Anna-Karin’s heart is pounding in her chest. Suddenly she notices the silence.
Mama has stubbed out her cigarette. The butt lies in a crumbled V-shape on the edge of her plate, but is still smouldering. She’s staring at Anna-Karin, wide-eyed. She clears her throat and tries to say something, but all that comes out is a hiss.
Anna-Karin glances at Grandpa. He looks concerned.
‘Are you all right, Mia? Is there something stuck in your throat?’ he asks.

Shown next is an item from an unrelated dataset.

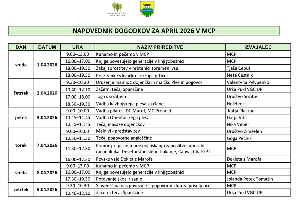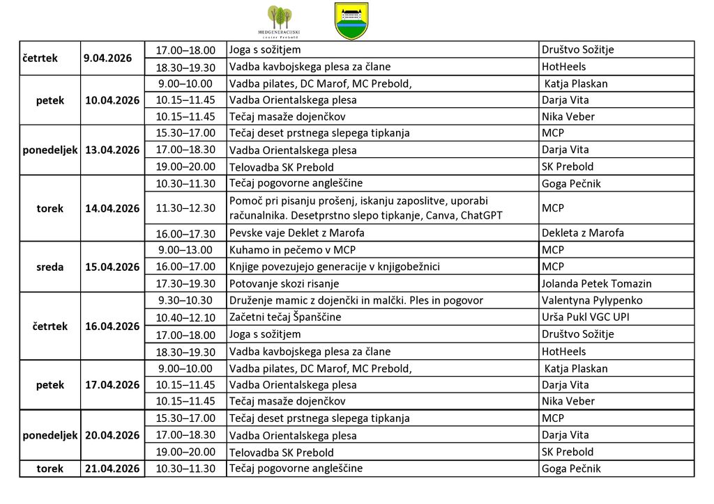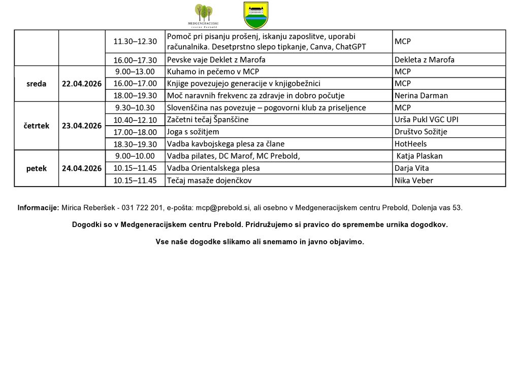 Informacije: mcp@prebold.si, 031 722 201, ali na centru

Mama reaches for her glass of water and gulps. She hawks loudly, but still can’t speak.
‘Mama?’ Anna-Karin says.
‘I’ve lost my voice,’ she mimes.
She gets up and shuffles out of the kitchen holding her cigarettes. Soon afterwards the TV comes on in the living room.
Grandpa and Anna-Karin stare at each other. Anna-Karin starts to giggle uncontrollably.
‘It’s nothing to laugh at,’ Grandpa reproaches her, and she goes quiet.